Loch Garry itself is fed by the Allt Shallainn, Allt na Duinish and Allt na Cosaig which enter its southern end. The loch occupies a deep northeast-southwest aligned trench cut by glacial action. Glen Garry provides the main route northwards for both the A9 road and the railway from Perth to Inverness.

== Tributaries ==
The principal tributaries of the Garry are the Allt Dubhaig, Edendon Water, Errochty Water, Bruar Water and the River Tilt. Arising in the Dalnaspidal Forest, the Allt Dubhaig joins the Garry near Dalnaspidal Lodge at the southern end of the Pass of Drumochter. The Edendon Water, known above Sronphadruig Lodge as the Allt a' Chama Choire, is a left-bank tributary of the Garry, joining it from the Dalnacardoch Forest at Edendon Bridge beside Dalnacardoch Lodge. A map by Timothy Pont shows its valley as still wooded along its entire 14.3 km. length in the late 16th Century. The Errochty Water flows through Glen Errochty to enter the right bank of the Garry. Above the hamlet of Trinafour the river is impounded behind Errochty Dam as Loch Errochty. The Bruar Water arises from the confluence of several headwater streams at OS grid ref NN 819804 and flows southwards through Glen Bruar for several miles. 1 mi to the northeast of the village of Calvine it drops over the Falls of Bruar and shortly afterwards enters the Garry on its left bank.

The River Tilt arises from the confluence of the Tarf Water with the Allt Garbh Buidhe at OS grid ref NN 983797 from which point it flows in a southwesterly direction down the fault-aligned Glen Tilt. In the vicinity of Marble Lodge it turns gradually to a more southerly course and flowing under the Bridge of Tilt at Blair Atholl enters the left bank of the Garry.
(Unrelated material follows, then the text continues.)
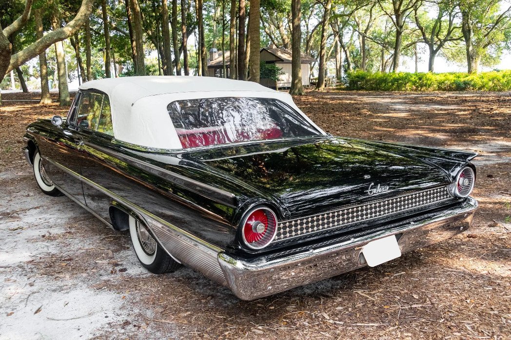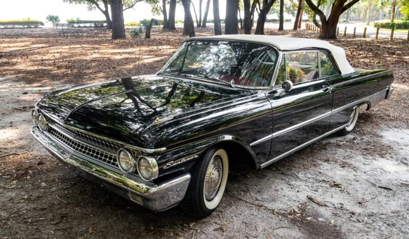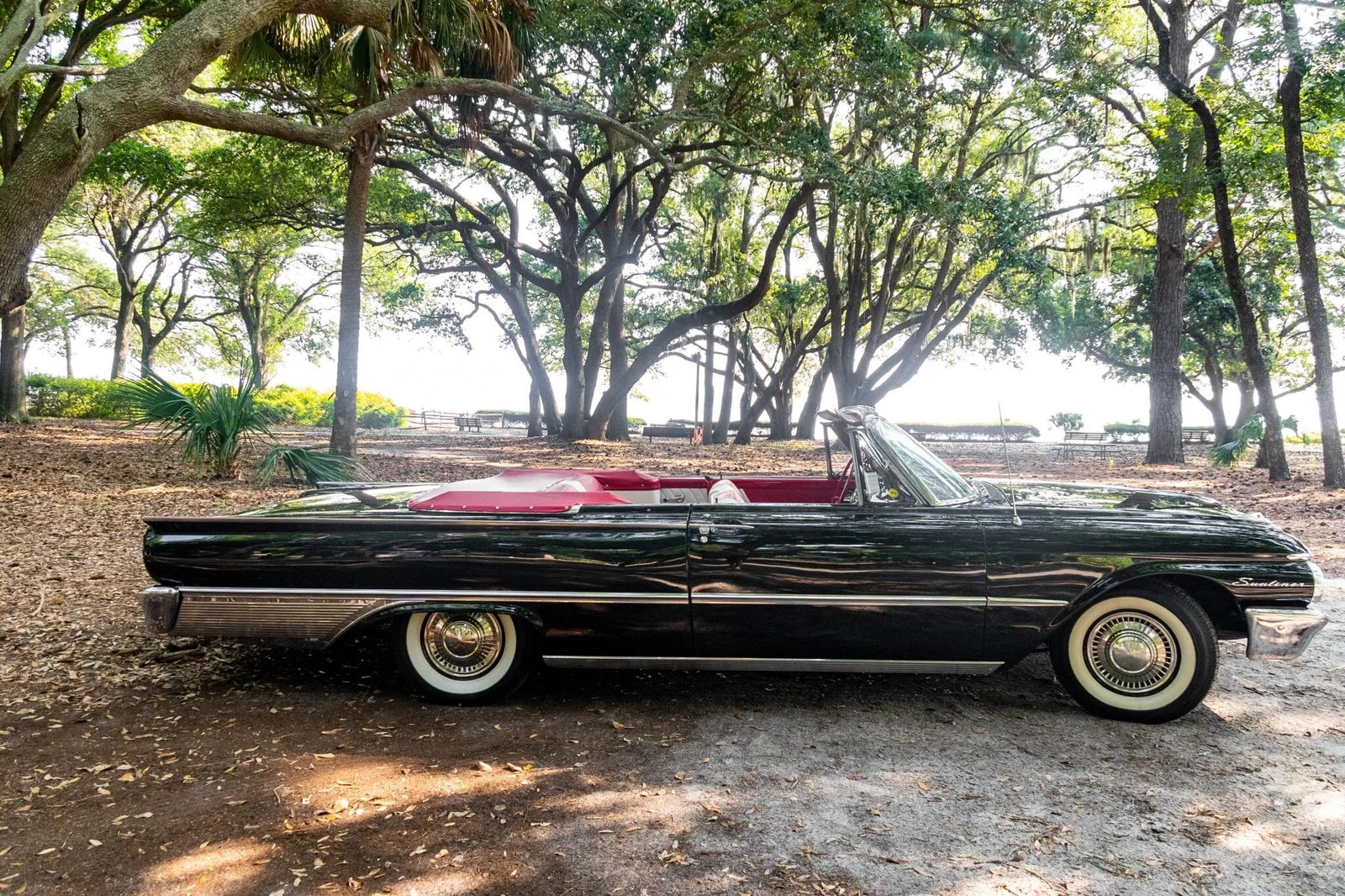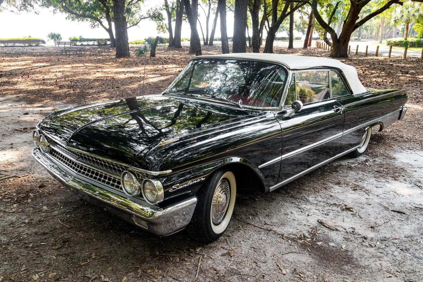Exterior features include chrome bumpers, polished bodyside trim, Sunliner badging, and a white convertible top, the latter of which is protected by a red boot cover when lowered.
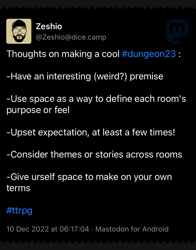 - Tuesday: Take the next layout from Marcia’s Bite-Sized Dungeons for this weeks’ sub-level. Generate a theme and faction for the sublevel using oracles. Detail the local faction and its punnet. Based on these, sketch the sub-level’s map.

The Tarf Water follows a course from the west to plunge over the Falls of Tarf before joining the Tilt. Other tributaries of the Tilt include the burn known as An Lochain which drains the curiously named Loch Loch, and the Allt Mhairc which originates at the diminutive Loch Mhairc. The Allt Ghirnaig is a lesser tributary of the Garry whose headwaters arise on the southern slopes of Beinn a' Ghlo. It is the last to join via its left bank before the Garry enters the Tummel.